THE DATA Block Start

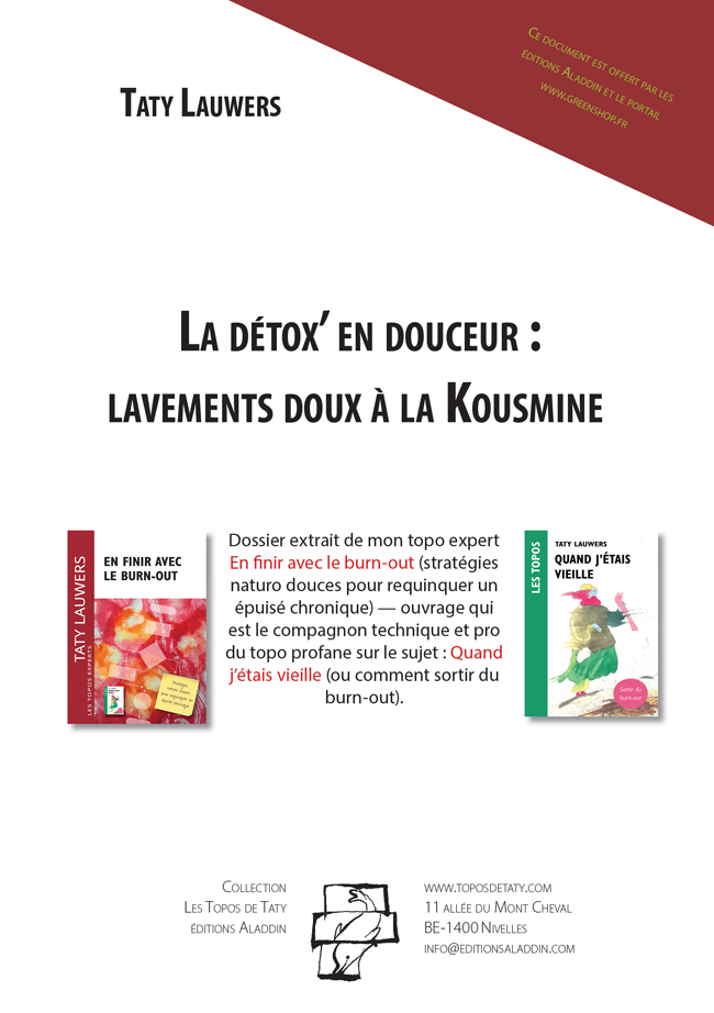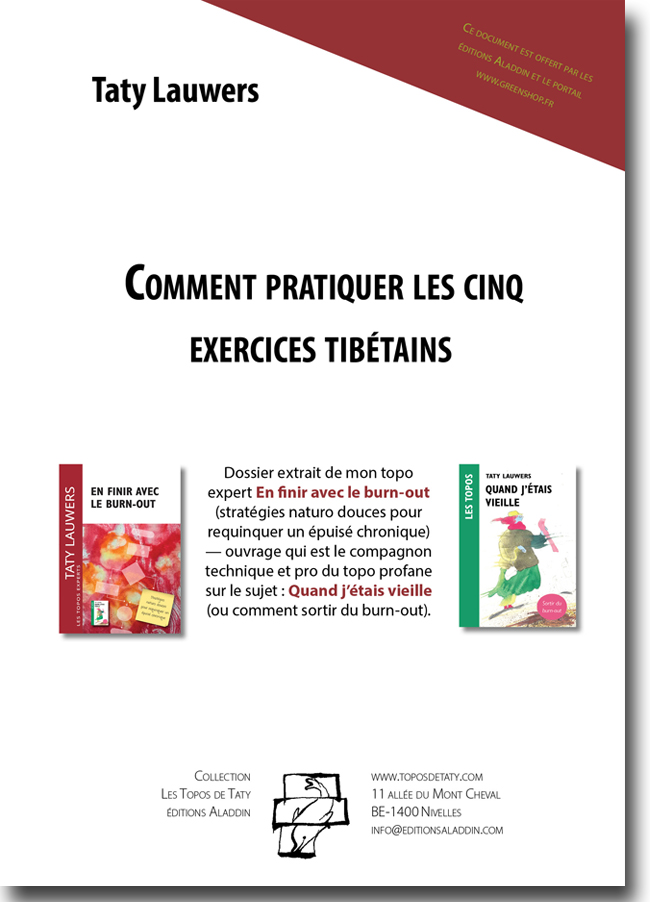 Téléchargez ci-dessous les dossiers cadeaux de cette série. Ce sont des extraits de mon topo expert "En finir avec le burn-out" (stratégies naturo douces pour requinquer un épuisé chronique). Que je pourrais pitcher ainsi: "Revenir aux techniques simples des anciens pour sortir du burn-out : se fier au repos organique profond pour stimuler les forces d'auto-guérison" .
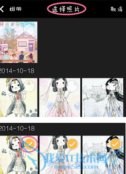 2、从你的相册导入照片,在每个图片右上方打勾,选中添加,已选照片会出现在下方。也可以点击一张图片进入后,在右上方打勾,点击“下一张”继续添加。
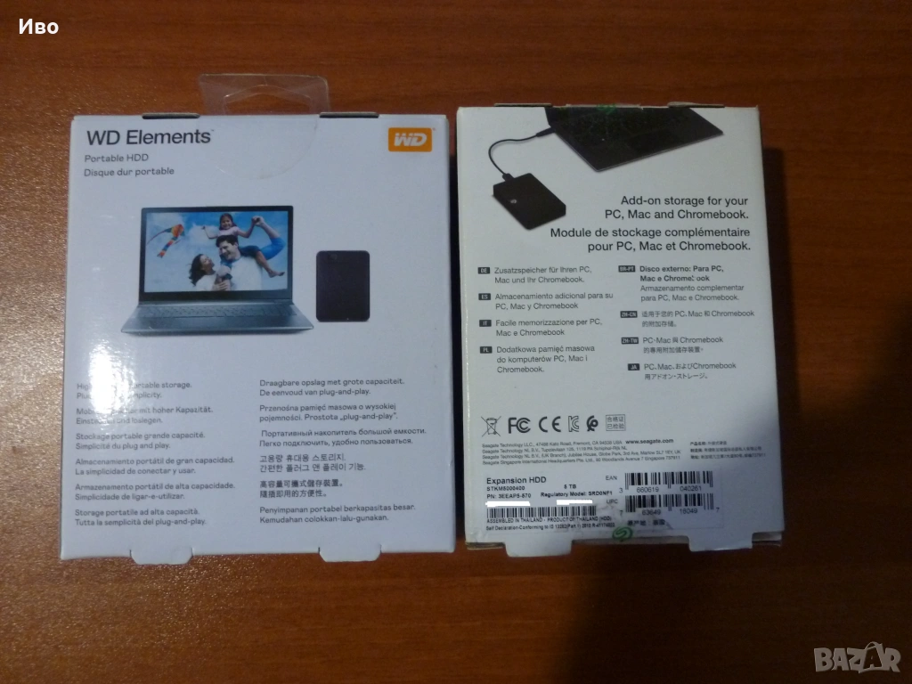 Продавам два чисто нови външни USB 3.0 хард-диска Western Digital Elements Portable с обем 2 TB и Seagate Expansion Portable с обем 5 TB.
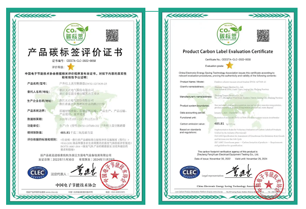 此次碳标签评价表明,尊龙凯时电气生产的户外柱上真空断路产品,在碳排放大数据方面按国际通行惯例推进,并具备一定的优势,对促进产品全供应链的温室气体减排,达成“双碳”目标具有积极作用。此外,尊龙凯时还获中国电子节能技术协会颁发的低碳产品供应商证书。
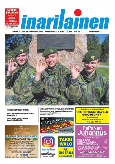 Inarilainen on Inarin ja Utsjoen oma paikallislehti sekä alueen luetuin ja luotetuin media. Paikallislehti on mainoskanava, joka tavoittaa tehokkaimmin alueen kuluttajat ja yritykset. Printtilehti ilmestyy kerran viikossa ja digitaalinen versio mahdollistaa tuoreiden uutisten seuraamisen missä tahansa oletkin.
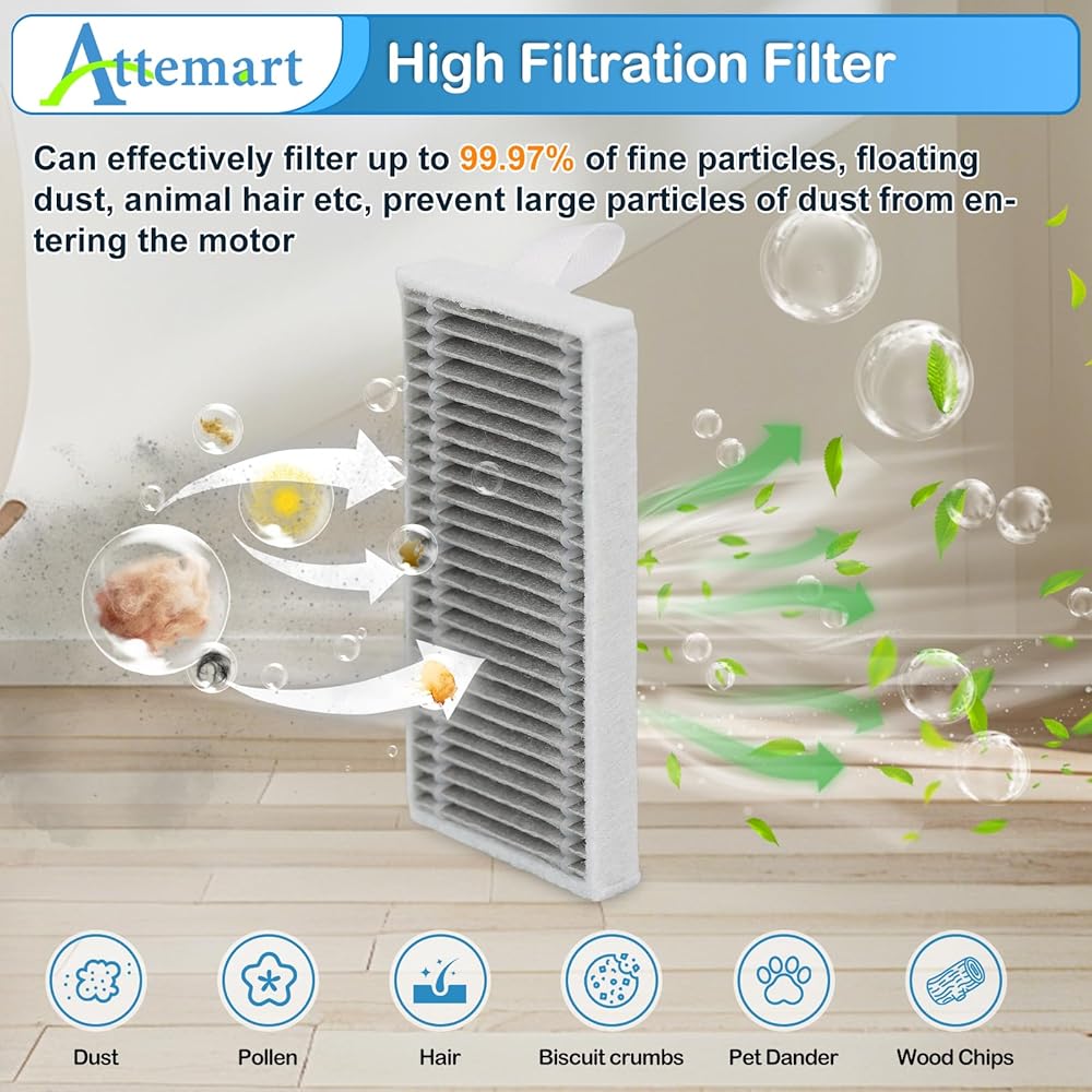 【سهل التركيب】 الفلتر الخاص بـ ecovacs deebot X8 pro omni مصنوع من مادة ترشيح عالية، ويمكنه التقاط 99.97% من الشعر وفرو الحيوانات الأليفة ومجموعة متنوعة من الجزيئات حتى 0.3 ميكرومتر، مما يحسن أداء الشفط للروبوت الخاص بك بشكل كبير. يمكن التخلص من كيس الغبار x8 omni، وهو مصنوع من طبقات متعددة، بما في ذلك الألياف الدقيقة وغير المنسوجة، وهي سهلة التركيب ومقاومة للتمزق وقوية ويمكن إدخالها بسهولة في المكنسة الكهربائية.
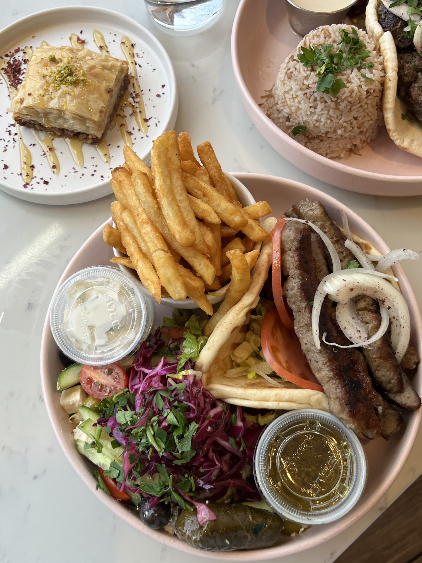 For the main course, the lamb kebabs were outstanding, grilled to perfection and served with a side of fragrant rice and a crisp, refreshing salad. The spanakopita, with its flaky pastry and savory spinach filling, was another highlight that I highly recommend.
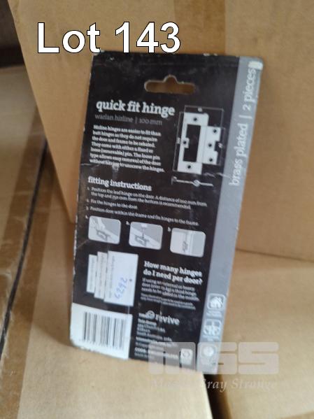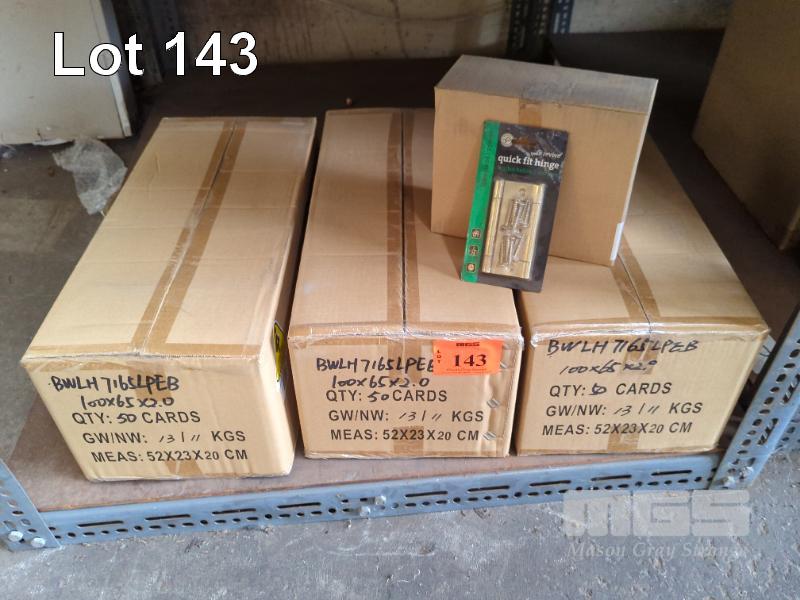 DOOR HINGES, WARLAN HIRLINE QUICK FIT IN BLISTER PACKS, 2 HINGES PER PACK - 100 x 65 x 2.0 MM, BRASS PLATED. 150 PACKS APPROX.
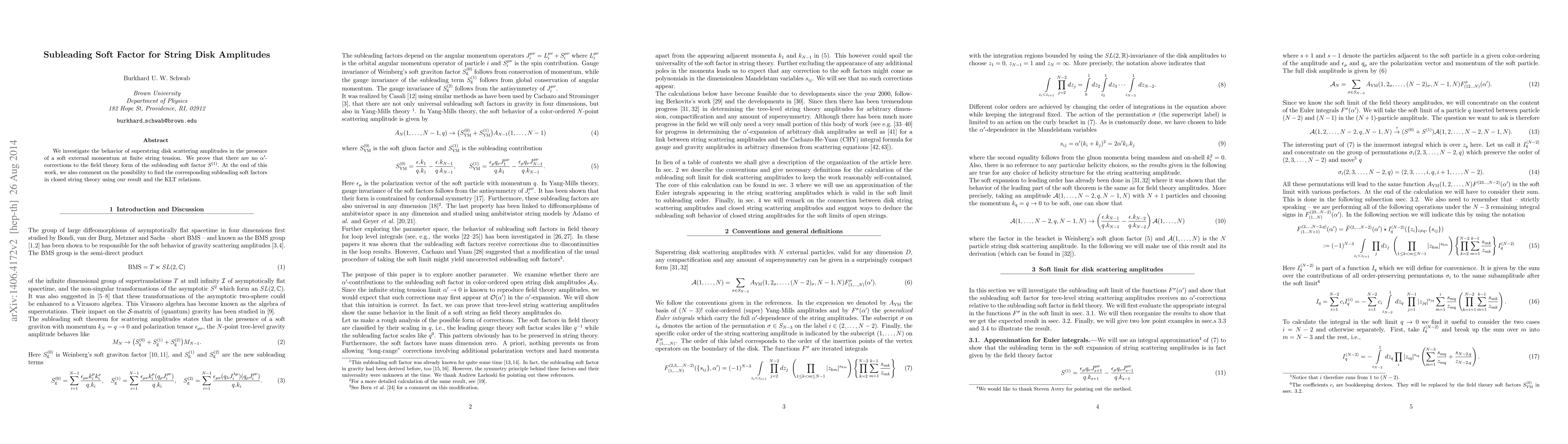 This paper examines superstring disk scattering amplitudes with soft external momenta, proving no $\alpha'$-corrections to the subleading soft factor $S^{(1)}$. It also discusses the potential for extending these findings to closed string theory using KLT relations.
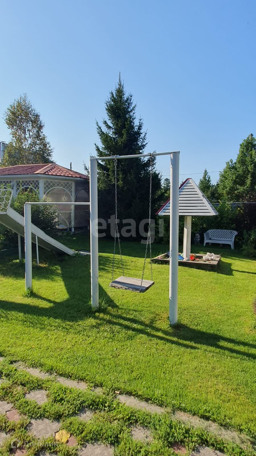 На участке также имеются дополнительные постройки, такие как баня, гостевой дом (который можно использовать как летнюю кухню), беседка с обеденной зоной, мангалом и садовой качелей, два гаража, детская площадка с турниками, горкой и качелями, а также бассейн.

THE DATA Block End

TASK DESCRIPTION >>
With the pictures left out, restate word for word every line of the data above, from the first down to the line that contains "This paper examines".

YOUR RESPONSE >>
 Téléchargez ci-dessous les dossiers cadeaux de cette série. Ce sont des extraits de mon topo expert "En finir avec le burn-out" (stratégies naturo douces pour requinquer un épuisé chronique). Que je pourrais pitcher ainsi: "Revenir aux techniques simples des anciens pour sortir du burn-out : se fier au repos organique profond pour stimuler les forces d'auto-guérison" .
 2、从你的相册导入照片,在每个图片右上方打勾,选中添加,已选照片会出现在下方。也可以点击一张图片进入后,在右上方打勾,点击“下一张”继续添加。
 Продавам два чисто нови външни USB 3.0 хард-диска Western Digital Elements Portable с обем 2 TB и Seagate Expansion Portable с обем 5 TB.
 此次碳标签评价表明,尊龙凯时电气生产的户外柱上真空断路产品,在碳排放大数据方面按国际通行惯例推进,并具备一定的优势,对促进产品全供应链的温室气体减排,达成“双碳”目标具有积极作用。此外,尊龙凯时还获中国电子节能技术协会颁发的低碳产品供应商证书。
 Inarilainen on Inarin ja Utsjoen oma paikallislehti sekä alueen luetuin ja luotetuin media. Paikallislehti on mainoskanava, joka tavoittaa tehokkaimmin alueen kuluttajat ja yritykset. Printtilehti ilmestyy kerran viikossa ja digitaalinen versio mahdollistaa tuoreiden uutisten seuraamisen missä tahansa oletkin.
 【سهل التركيب】 الفلتر الخاص بـ ecovacs deebot X8 pro omni مصنوع من مادة ترشيح عالية، ويمكنه التقاط 99.97% من الشعر وفرو الحيوانات الأليفة ومجموعة متنوعة من الجزيئات حتى 0.3 ميكرومتر، مما يحسن أداء الشفط للروبوت الخاص بك بشكل كبير. يمكن التخلص من كيس الغبار x8 omni، وهو مصنوع من طبقات متعددة، بما في ذلك الألياف الدقيقة وغير المنسوجة، وهي سهلة التركيب ومقاومة للتمزق وقوية ويمكن إدخالها بسهولة في المكنسة الكهربائية.
 For the main course, the lamb kebabs were outstanding, grilled to perfection and served with a side of fragrant rice and a crisp, refreshing salad. The spanakopita, with its flaky pastry and savory spinach filling, was another highlight that I highly recommend.
 DOOR HINGES, WARLAN HIRLINE QUICK FIT IN BLISTER PACKS, 2 HINGES PER PACK - 100 x 65 x 2.0 MM, BRASS PLATED. 150 PACKS APPROX.
 This paper examines superstring disk scattering amplitudes with soft external momenta, proving no $\alpha'$-corrections to the subleading soft factor $S^{(1)}$. It also discusses the potential for extending these findings to closed string theory using KLT relations.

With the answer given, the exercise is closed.